Абдо не возвеличивает разум в традиционных хвалебных выражениях. Признавая его ценность, он пытается подчеркнуть его культурную значимость для самого мира ислама. В связи с этим он вскрывает прочную рациональную основу мусульманского мира и его культуры как одного из его столпов. Рассматривая то, что он называет истинным исламом, Абдо обращается к анализу «двух призывов» мусульмансой шахады: первый – призыв к вере в существование единого Бога, а второй – призыв верить в миссию пророка Мухаммеда. Применительно к первому призыву он считает необходимым полагаться на разум, поскольку только он может доказать, что единый Бог воистину существует. Абдо стремится не только подчеркнуть значимость разума для веры и его приоритет, но и сформулировать единство веры и разума посредством логических выкладок. Он указывает, что первый призыв основывается на «пробуждении человеческого разума, побуждении его к тому, чтобы взирать на Вселенную, используя правильные мерила, обратиться к тому стройному порядку, который царит в мире, к взаимосвязанности причин и следствий – и тогда он придет к признанию того, что существует Творец Вселенной».

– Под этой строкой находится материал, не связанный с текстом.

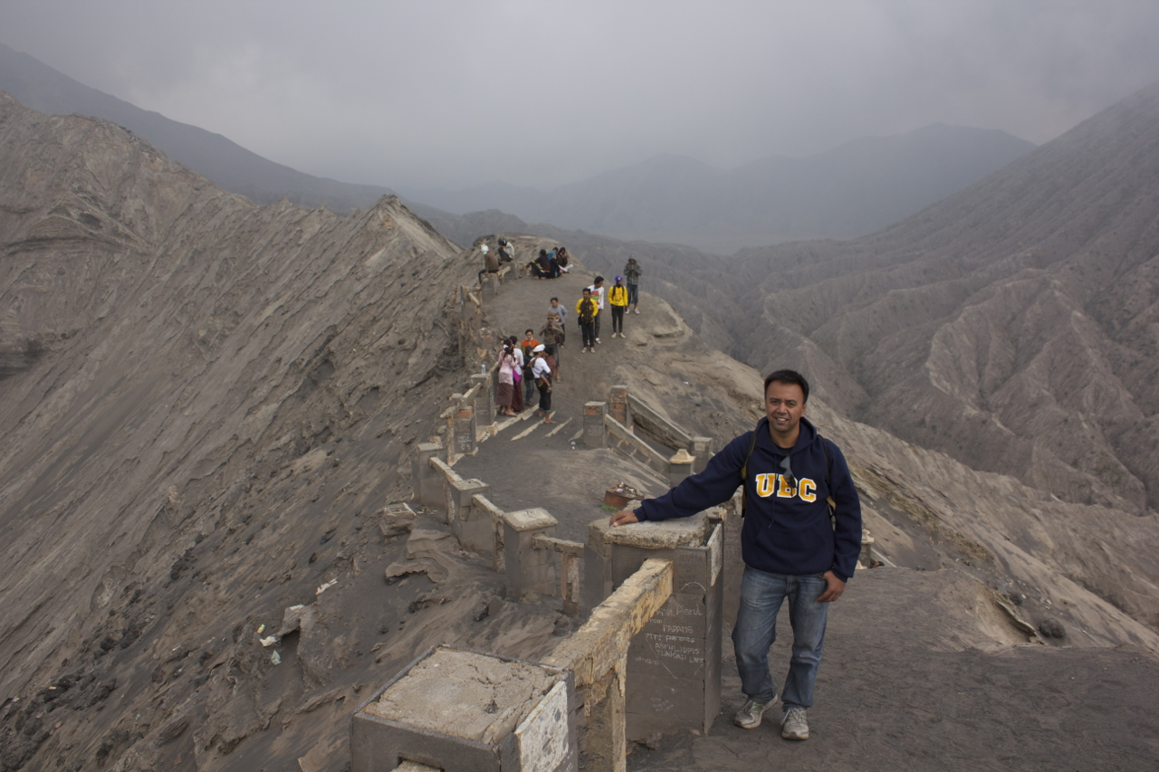 At the foothill of the mountain, another surprise awaits you. Horses, with offers to rest your tired feet and ride part of the way up to the Bromo crater. I resisted that offer for the longest time, but finally caved in because it was getting late and we did want to get up there and back before it got dark. The adventures on the horse is another story; I’m just thankful both me and the horse got up there without incident, while Souvik walked. The last mile was 200 steps, all covered in ash. So you have to hold on to the cement railing for dear life and haul yourself up. I set the record for the slowest ascent; luckily most people were heading down, so I didn’t hold up anyone else.

Это означает лишь подчеркивание принципиальной значимости разума, его приоритетности при постижении существования Бога и Его единственности. Абдо пишет, что «ислам опирается ни на что иное, как на рассудочное обоснование призыва к вере в Бога и в Его единственность». Более того, он указывает на то, что Коран не ограничивает человеческий разум в постижении мира, ибо постижение мира как раз и подводит человека к единобожию. Обратившись к основам исламского вероучения, Абдо усматривает их прежде всего в рациональном подходе и приоритетном значении разума в тех случаях, когда его доводы вступают в противоречие с нормами шариата.

Мухаммед Абдо стремится подкрепить рационализм ислама реформаторским духом, утверждая, что иджтихад всегда и прежде всего должен опираться на разум, тем самым придавая новые основания рационализму. Уже само по себе это означало отход от привычных традиций калама. Абдо не погружается в рассуждения о традиционности крупных основ ислама, а рассматривает их сквозь призму диалектических идей, казалось бы, противоречащих исламу. Нормы, которые он стремится обосновать, базируются не на рефлексии, как может показаться из содержания книги «Ислам и христианство», а на рационалистическом самопознании как принципе обновления ислама. О нормах он рассуждает как о столпах веры, на которые опираются все побочные ее ответвления, то есть придает им всеобщий и системный характер. Правда, эта «система» у Абдо обладает лишь весьма общими и в определенной мере разрозненными признаками, не сложившись в законченную теорию исторического и социально-политического критического самосознания, ограничившись лишь выделением наиболее крупных приоритетов.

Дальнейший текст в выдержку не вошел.